→ RAW DATA

*** Begin section ***

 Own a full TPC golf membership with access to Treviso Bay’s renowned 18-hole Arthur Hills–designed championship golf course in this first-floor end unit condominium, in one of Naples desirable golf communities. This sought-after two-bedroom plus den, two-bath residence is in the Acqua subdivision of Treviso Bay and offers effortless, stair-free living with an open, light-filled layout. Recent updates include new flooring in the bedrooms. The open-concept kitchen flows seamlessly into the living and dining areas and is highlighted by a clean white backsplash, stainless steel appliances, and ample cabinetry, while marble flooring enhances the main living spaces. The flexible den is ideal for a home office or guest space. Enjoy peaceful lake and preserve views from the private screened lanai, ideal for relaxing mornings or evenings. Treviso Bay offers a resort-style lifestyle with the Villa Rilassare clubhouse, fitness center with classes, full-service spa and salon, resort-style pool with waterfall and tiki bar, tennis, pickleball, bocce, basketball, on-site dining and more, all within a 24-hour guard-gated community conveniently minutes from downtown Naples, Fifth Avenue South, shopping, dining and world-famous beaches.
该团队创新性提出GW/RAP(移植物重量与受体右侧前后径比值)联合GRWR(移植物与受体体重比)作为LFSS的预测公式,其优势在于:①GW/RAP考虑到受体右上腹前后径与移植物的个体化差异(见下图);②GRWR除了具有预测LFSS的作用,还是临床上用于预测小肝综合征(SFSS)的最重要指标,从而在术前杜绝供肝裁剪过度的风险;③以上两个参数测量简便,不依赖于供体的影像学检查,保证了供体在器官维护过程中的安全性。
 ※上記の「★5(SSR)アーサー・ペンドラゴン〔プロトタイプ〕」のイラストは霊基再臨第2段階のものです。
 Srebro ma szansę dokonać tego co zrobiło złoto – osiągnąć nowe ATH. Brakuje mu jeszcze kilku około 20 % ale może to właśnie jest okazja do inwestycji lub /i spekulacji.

*** End section ***

Your answer must consist of every line above, reproduced exactly.

 Own a full TPC golf membership with access to Treviso Bay’s renowned 18-hole Arthur Hills–designed championship golf course in this first-floor end unit condominium, in one of Naples desirable golf communities. This sought-after two-bedroom plus den, two-bath residence is in the Acqua subdivision of Treviso Bay and offers effortless, stair-free living with an open, light-filled layout. Recent updates include new flooring in the bedrooms. The open-concept kitchen flows seamlessly into the living and dining areas and is highlighted by a clean white backsplash, stainless steel appliances, and ample cabinetry, while marble flooring enhances the main living spaces. The flexible den is ideal for a home office or guest space. Enjoy peaceful lake and preserve views from the private screened lanai, ideal for relaxing mornings or evenings. Treviso Bay offers a resort-style lifestyle with the Villa Rilassare clubhouse, fitness center with classes, full-service spa and salon, resort-style pool with waterfall and tiki bar, tennis, pickleball, bocce, basketball, on-site dining and more, all within a 24-hour guard-gated community conveniently minutes from downtown Naples, Fifth Avenue South, shopping, dining and world-famous beaches.
该团队创新性提出GW/RAP(移植物重量与受体右侧前后径比值)联合GRWR(移植物与受体体重比)作为LFSS的预测公式,其优势在于:①GW/RAP考虑到受体右上腹前后径与移植物的个体化差异(见下图);②GRWR除了具有预测LFSS的作用,还是临床上用于预测小肝综合征(SFSS)的最重要指标,从而在术前杜绝供肝裁剪过度的风险;③以上两个参数测量简便,不依赖于供体的影像学检查,保证了供体在器官维护过程中的安全性。
 ※上記の「★5(SSR)アーサー・ペンドラゴン〔プロトタイプ〕」のイラストは霊基再臨第2段階のものです。
 Srebro ma szansę dokonać tego co zrobiło złoto – osiągnąć nowe ATH. Brakuje mu jeszcze kilku około 20 % ale może to właśnie jest okazja do inwestycji lub /i spekulacji.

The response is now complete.